(1) In Assignment 4 we used 256-dimensional word embeddings (eword = 256), while in this assignment, it turns out that a character embedding size of 50 suffices (echar = 50). In 1-2 sentences, explain one reason why the embedding size used for character-level embeddings is typically lower than that used for word embeddings.
A: Vocabulary size for word embedding is much higher to vocab size for characters, which implies dimensionality of char embeddings can be lower.
(2) Write down the total number of parameters in the character-based embedding model (Figure 2), then do the same for the word-based lookup embedding model (Figure 1). Write each answer as a single expression (though you may show working) in terms of echar, k, eword, Vword (the size of the word-vocabulary in the lookup embedding model) and Vchar (the size of the character-vocabulary in the character-based embedding model).
Answer
for character model: echar*mword*k*Vchar
for word model: eword*k*Vword
Character model has 25650000/(9620*50) ~ 150-200 times less parameters.

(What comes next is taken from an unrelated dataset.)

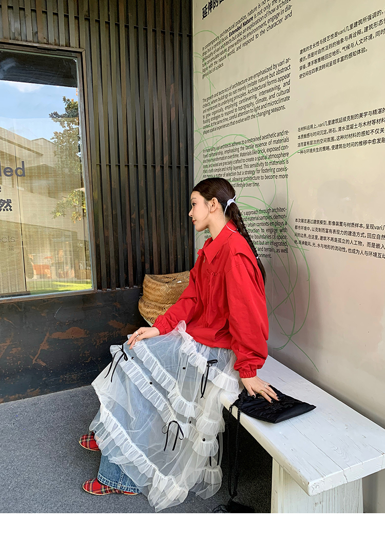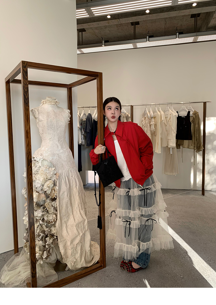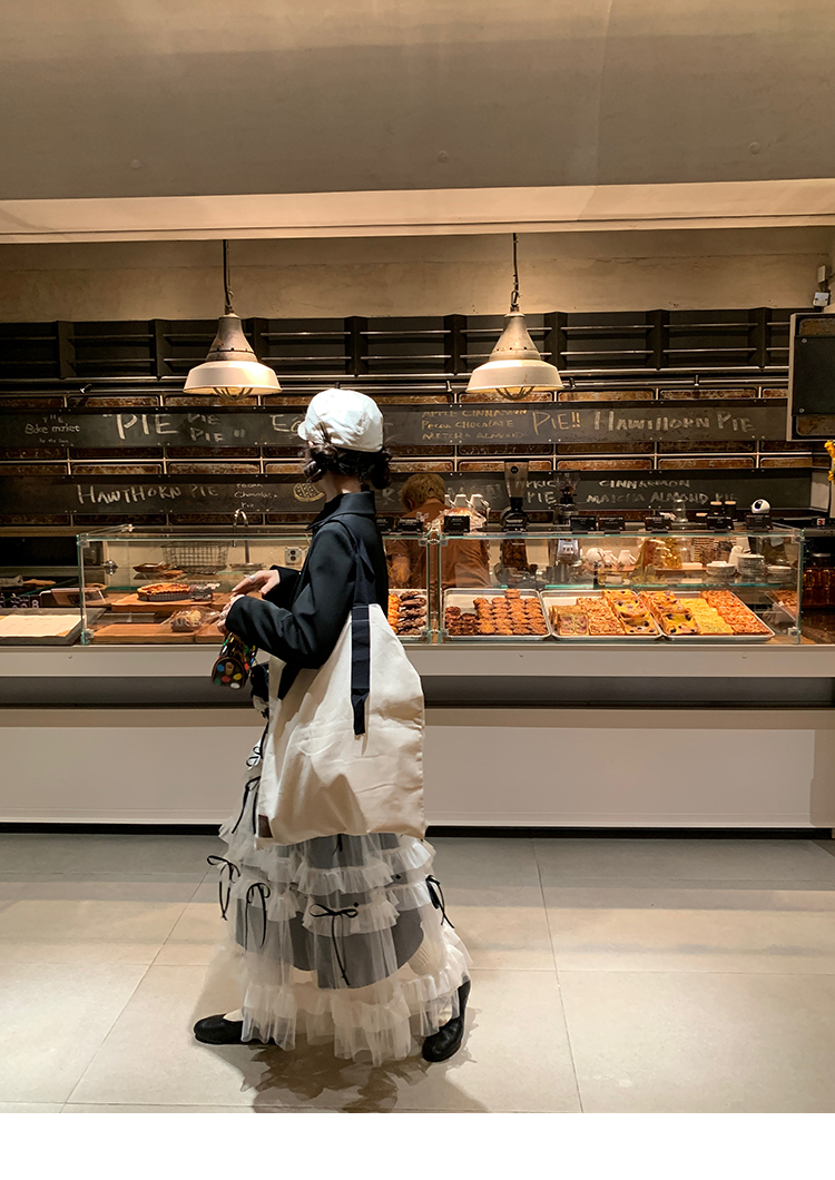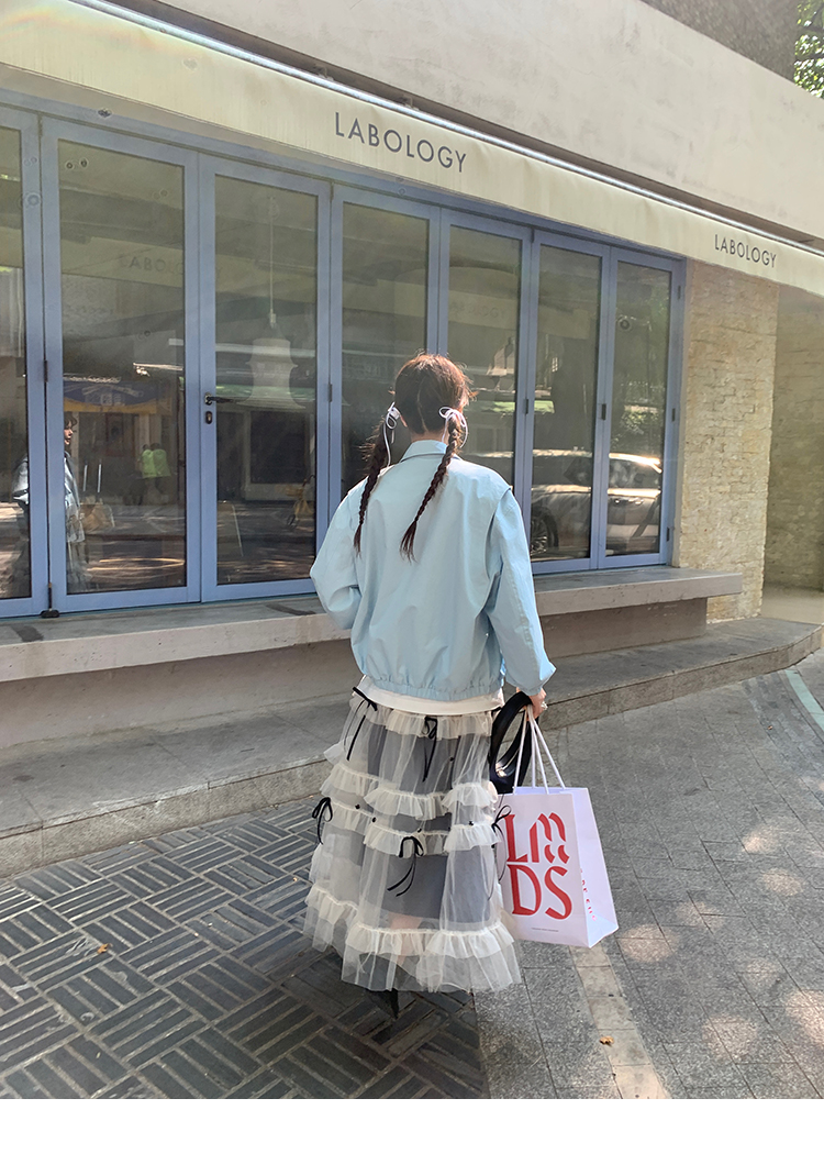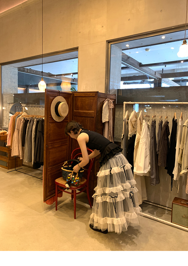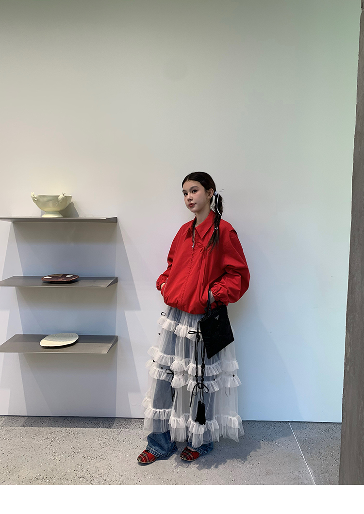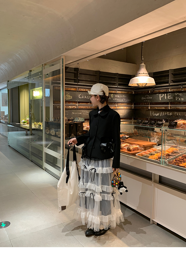 LRIB fantasy mesh ruffle bow nail diamond layered two-piece skirt
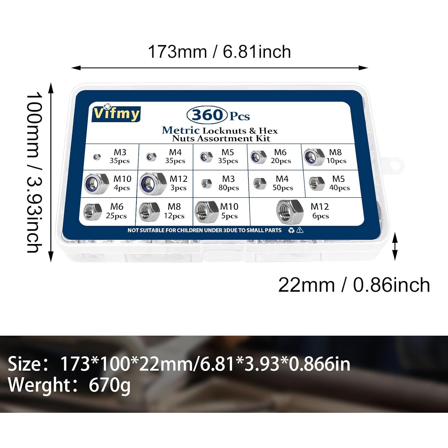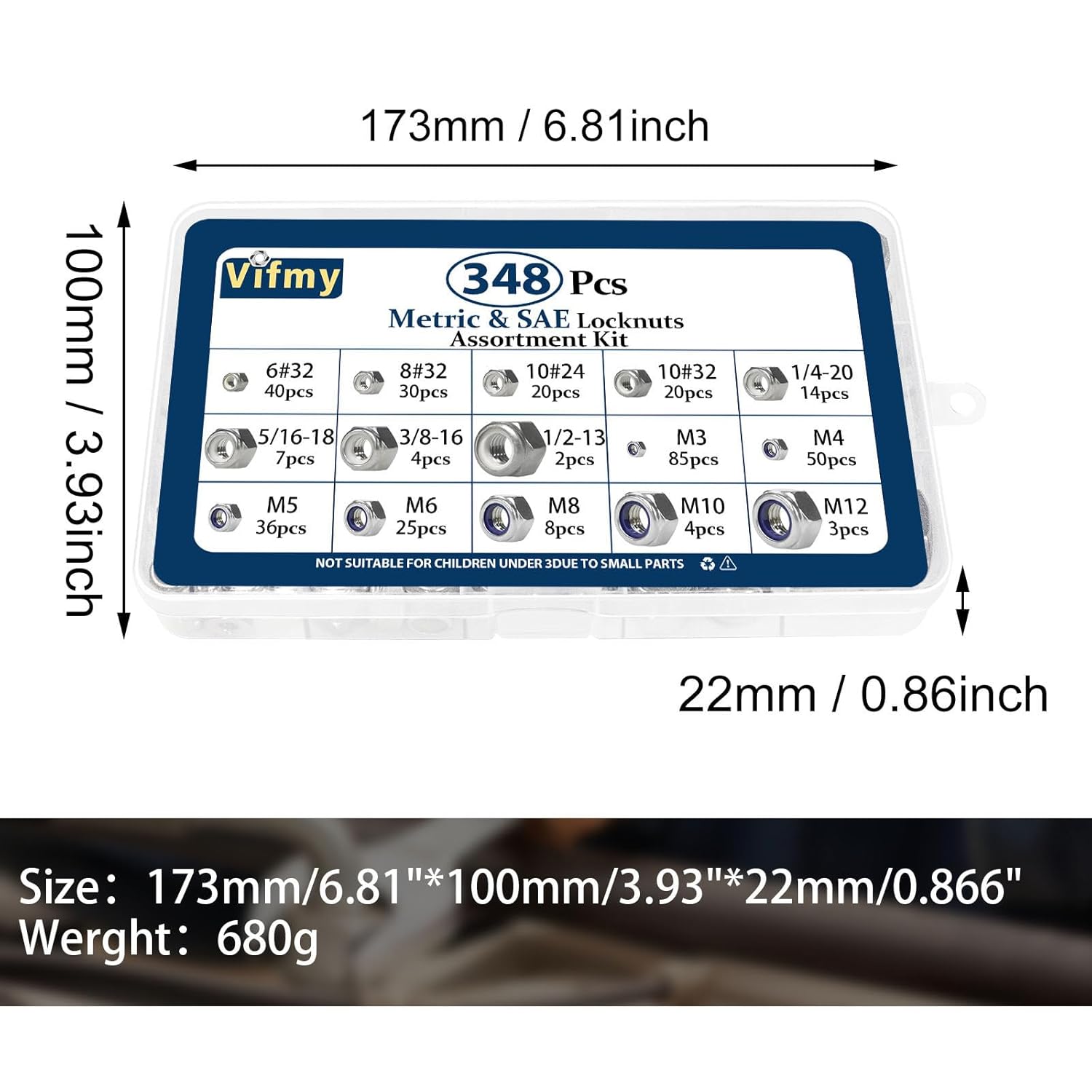 【Convenient storage】Sae locknuts are individually stowed by type in an easy to carry clear case.Easy to store and use,so that the lock nuts will not be lost or mixed up during use.

(3) In step 3 of the character-based embedding model, instead of using a 1D convnet, we could have used a RNN instead (e.g. feed the sequence of characters into a bidirectional LSTM and combine the hidden states using max-pooling). Explain one advantage of using a convolutional architecture rather than a recurrent architecture for this purpose, making it clear how the two contrast. Below is an example answer; you should give a similar level of detail and choose a different advantage.
Answer
1D Convnet has small number of parameters, which is usually filter size by number of filters. By contrast, a RNN requires larger hidden state size to to learn details properly, making the overall model larger and slower to train.
(4) In lectures we learned about both max-pooling and average-pooling. For each pooling method, please explain one advantage in comparison to the other pooling method. For each advantage, make it clear how the two contrast, and write to a similar level of detail as in the example given in the previous question.
Max pooling is used to detect overall presence of specific "feature", while average pooling can measure average quantity of the feature.